#### [What is being asked]
For this exercise, reproduce the entries below exactly, but only from the line containing "Бахрома с шариками" through the line containing "豪威集团:融资净买入2066万元,融资余额49.53亿元(12-09)", both included.

#### [Records to process]
--- START ---
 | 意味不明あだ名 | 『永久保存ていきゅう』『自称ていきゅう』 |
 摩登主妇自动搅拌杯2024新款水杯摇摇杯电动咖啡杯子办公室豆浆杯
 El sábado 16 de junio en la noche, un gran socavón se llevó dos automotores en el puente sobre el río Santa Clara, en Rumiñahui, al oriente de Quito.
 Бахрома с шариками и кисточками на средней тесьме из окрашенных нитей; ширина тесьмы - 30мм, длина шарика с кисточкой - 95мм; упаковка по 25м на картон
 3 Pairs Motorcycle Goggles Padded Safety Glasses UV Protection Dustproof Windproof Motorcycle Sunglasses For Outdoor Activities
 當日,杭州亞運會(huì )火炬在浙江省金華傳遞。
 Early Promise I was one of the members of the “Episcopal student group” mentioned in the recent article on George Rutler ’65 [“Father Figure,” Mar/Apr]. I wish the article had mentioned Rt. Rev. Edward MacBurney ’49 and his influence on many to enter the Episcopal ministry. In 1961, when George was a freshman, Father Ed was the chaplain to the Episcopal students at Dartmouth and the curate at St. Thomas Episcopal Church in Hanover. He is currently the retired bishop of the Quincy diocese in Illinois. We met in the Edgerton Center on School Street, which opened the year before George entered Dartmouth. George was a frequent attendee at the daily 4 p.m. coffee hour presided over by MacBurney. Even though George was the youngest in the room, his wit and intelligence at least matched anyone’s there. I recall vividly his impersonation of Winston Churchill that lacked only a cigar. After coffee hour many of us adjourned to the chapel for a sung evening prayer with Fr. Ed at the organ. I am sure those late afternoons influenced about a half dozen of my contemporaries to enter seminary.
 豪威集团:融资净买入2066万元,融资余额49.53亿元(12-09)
--- END ---
--- START ---
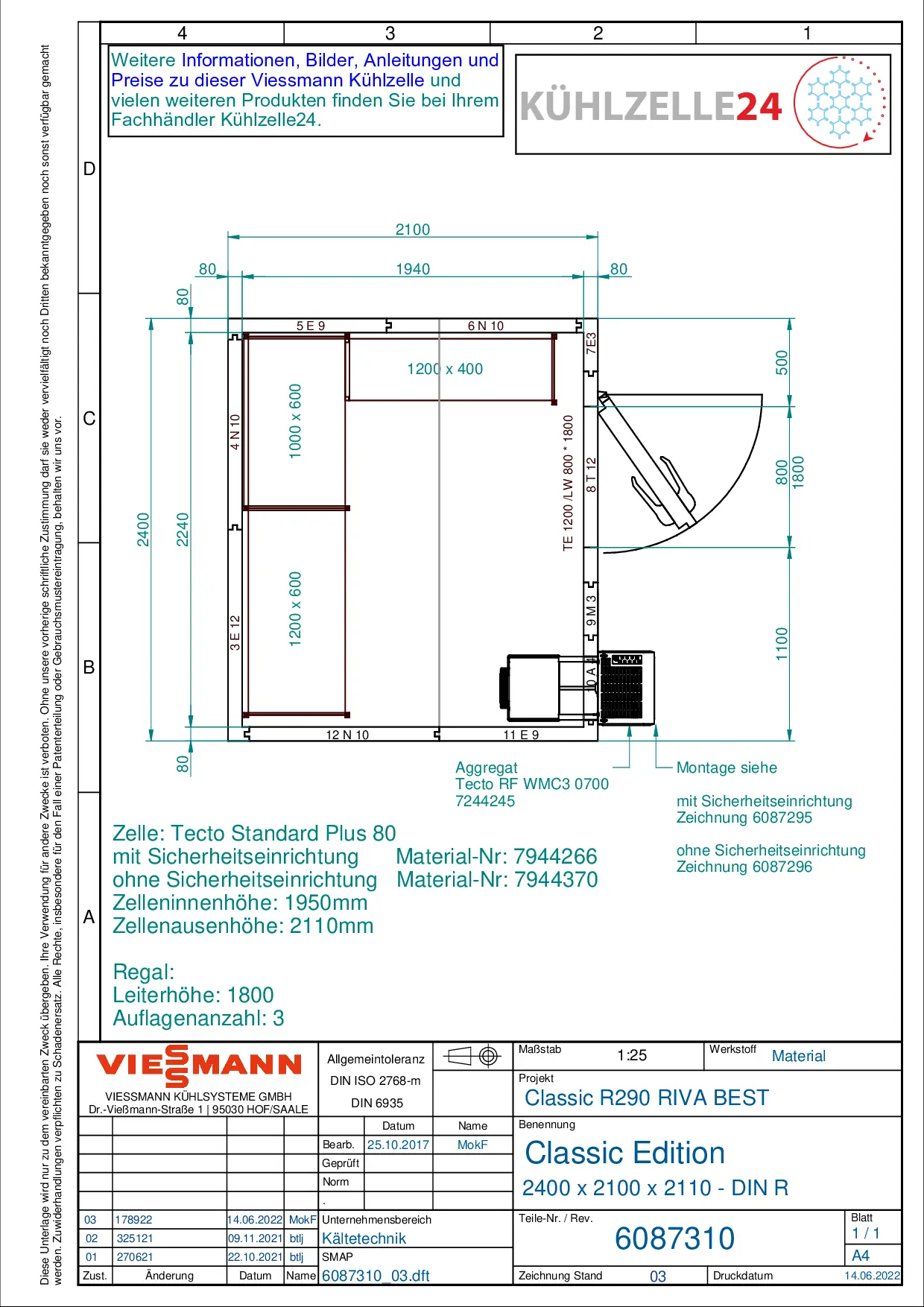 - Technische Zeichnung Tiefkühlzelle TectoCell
--- END ---
--- START ---
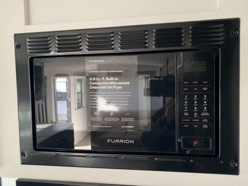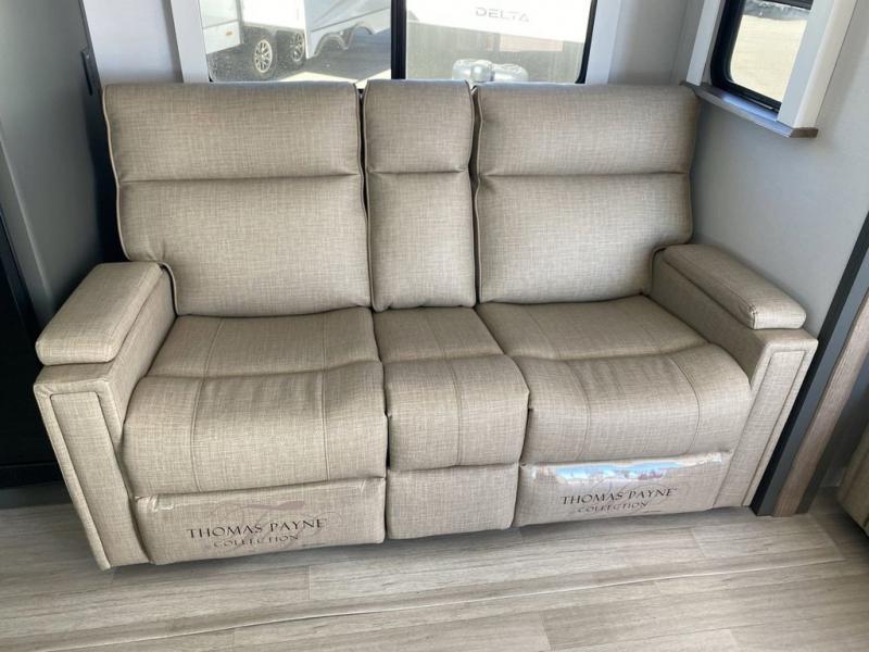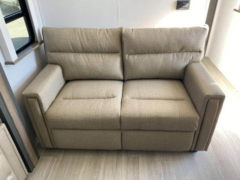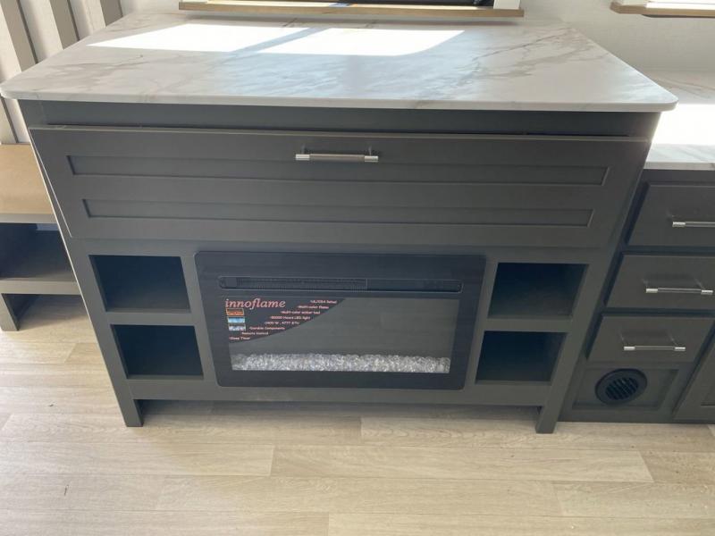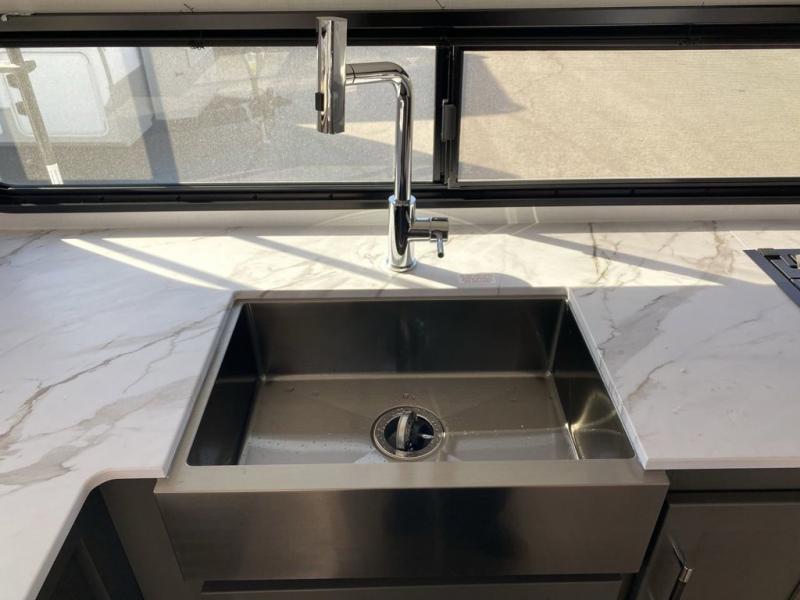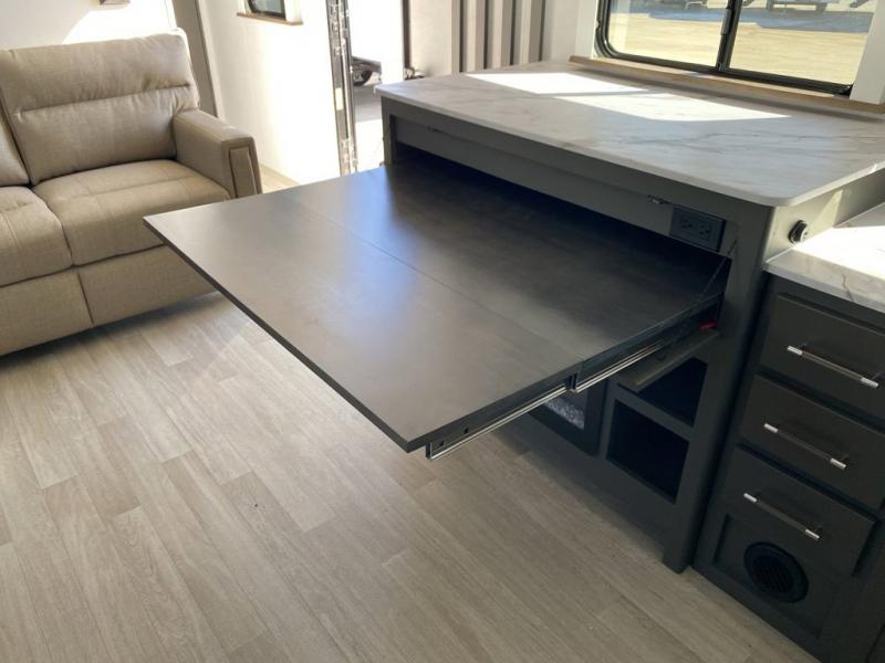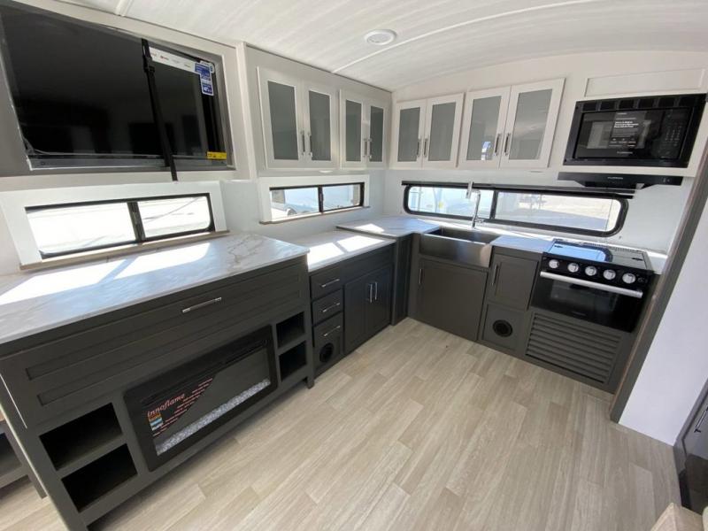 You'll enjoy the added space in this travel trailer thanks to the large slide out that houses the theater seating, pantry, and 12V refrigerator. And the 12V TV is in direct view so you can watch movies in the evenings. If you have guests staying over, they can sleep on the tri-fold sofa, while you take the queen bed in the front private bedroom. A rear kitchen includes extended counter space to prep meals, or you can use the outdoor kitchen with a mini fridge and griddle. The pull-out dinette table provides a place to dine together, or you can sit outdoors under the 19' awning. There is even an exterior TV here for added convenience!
--- END ---
#### [Answer section]
 Бахрома с шариками и кисточками на средней тесьме из окрашенных нитей; ширина тесьмы - 30мм, длина шарика с кисточкой - 95мм; упаковка по 25м на картон
 3 Pairs Motorcycle Goggles Padded Safety Glasses UV Protection Dustproof Windproof Motorcycle Sunglasses For Outdoor Activities
 當日,杭州亞運會(huì )火炬在浙江省金華傳遞。
 Early Promise I was one of the members of the “Episcopal student group” mentioned in the recent article on George Rutler ’65 [“Father Figure,” Mar/Apr]. I wish the article had mentioned Rt. Rev. Edward MacBurney ’49 and his influence on many to enter the Episcopal ministry. In 1961, when George was a freshman, Father Ed was the chaplain to the Episcopal students at Dartmouth and the curate at St. Thomas Episcopal Church in Hanover. He is currently the retired bishop of the Quincy diocese in Illinois. We met in the Edgerton Center on School Street, which opened the year before George entered Dartmouth. George was a frequent attendee at the daily 4 p.m. coffee hour presided over by MacBurney. Even though George was the youngest in the room, his wit and intelligence at least matched anyone’s there. I recall vividly his impersonation of Winston Churchill that lacked only a cigar. After coffee hour many of us adjourned to the chapel for a sung evening prayer with Fr. Ed at the organ. I am sure those late afternoons influenced about a half dozen of my contemporaries to enter seminary.
 豪威集团:融资净买入2066万元,融资余额49.53亿元(12-09)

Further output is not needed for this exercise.